WDGG
- Ashland, Kentucky; United States;
- Broadcast area: Huntington, West Virginia
- Frequency: 93.7 MHz
- Branding: 93-7 The Dawg

Programming
- Format: Country music
- Affiliations: Premiere Networks; Westwood One; Marshall Thundering Herd;

Ownership
- Owner: Kindred Communications; (Fifth Avenue Broadcasting Company, Inc.);
- Sister stations: WCMI, WCMI-FM, WMGA, WRVC, WXBW

History
- First air date: October 1948; 77 years ago
- Former call signs: WCMI-FM (1948-1970); WAMX-FM (1970-1988); WRVC-FM (1988-1995);
- Call sign meaning: "Dawg"

Technical information
- Licensing authority: FCC
- Facility ID: 21436
- Class: C1
- ERP: 100,000 watts
- HAAT: 226 meters
- Transmitter coordinates: 38°23′14″N 82°39′45″W﻿ / ﻿38.38722°N 82.66250°W

Links
- Public license information: Public file; LMS;
- Webcast: Listen live
- Website: 937thedawg.com

= WDGG =

WDGG (93.7 FM) is a country music–formatted radio station licensed to Ashland, Kentucky, serving Huntington, West Virginia, and the greater Huntington–Ashland metropolitan area. The station is owned by Kindred Communications. WDGG's studios are located on Fifth Avenue in downtown Huntington, while its transmitter facilities are in Catlettsburg, KY. A Kentucky transmitter location was chosen because FCC FM allocations only allow for a 50,000 watt maximum power if the transmitter was located in West Virginia.

In addition to its country music format, WDGG serves as the flagship station for the Marshall Thundering Herd.

==History==
The station signed on the air in October 1948 as WCMI-FM in Ashland as a simulcast of its AM sister station WCMI's broadcast schedule. The call letters were said to refer to the steel industry of Ashland as "Where Coal Meets Iron".

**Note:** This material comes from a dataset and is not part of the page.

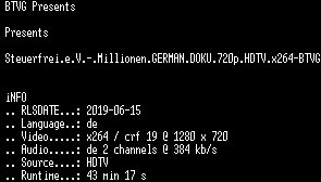 | FiLENAME: | Steuerfrei.e.V.-.Millionen.GERMAN.DOKU.720p.HDTV.x264-BTVG.mkv |

On November 20, 1970, the call letters were changed to WAMX-FM and ownership was transferred to W. Richard Martin and Stereo 94, Inc. The station broadcast with an adult contemporary music format and experimented with an album oriented rock format at night during the early 1970s.

In the mid-1970s, WAMX-FM (also known as 94X) adopted a contemporary hit radio (CHR) format until its sale to Storer broadcasting in 1983. With the sale, the studios moved to nearby Huntington. Despite competing against WKEE-FM, WAMX retained its CHR format until 1986 when the station adopted an album oriented rock format (AOR), leaving WKEE the only CHR station in the market.

On April 30, 1988, the call letters representing the River Cities were adopted and the license became known as WRVC-FM. The station also flipped to adult contemporary at the same time. The dormant WAMX call sign was adopted by an unrelated station (at 106.3 MHz) in the Huntington market on January 6, 1997.

In the fall of 1992, WRVC dropped the AC format and flipped to oldies (mostly concentrating on the 60s), and changed the branding to "Oldies 93 RVC".

The WDGG call letters were granted by the FCC on February 6, 1995. At that time, the WRVC call sign and oldies format were moved to 92.7 WCMI-FM, which continued the simulcast with WRVZ in Charleston.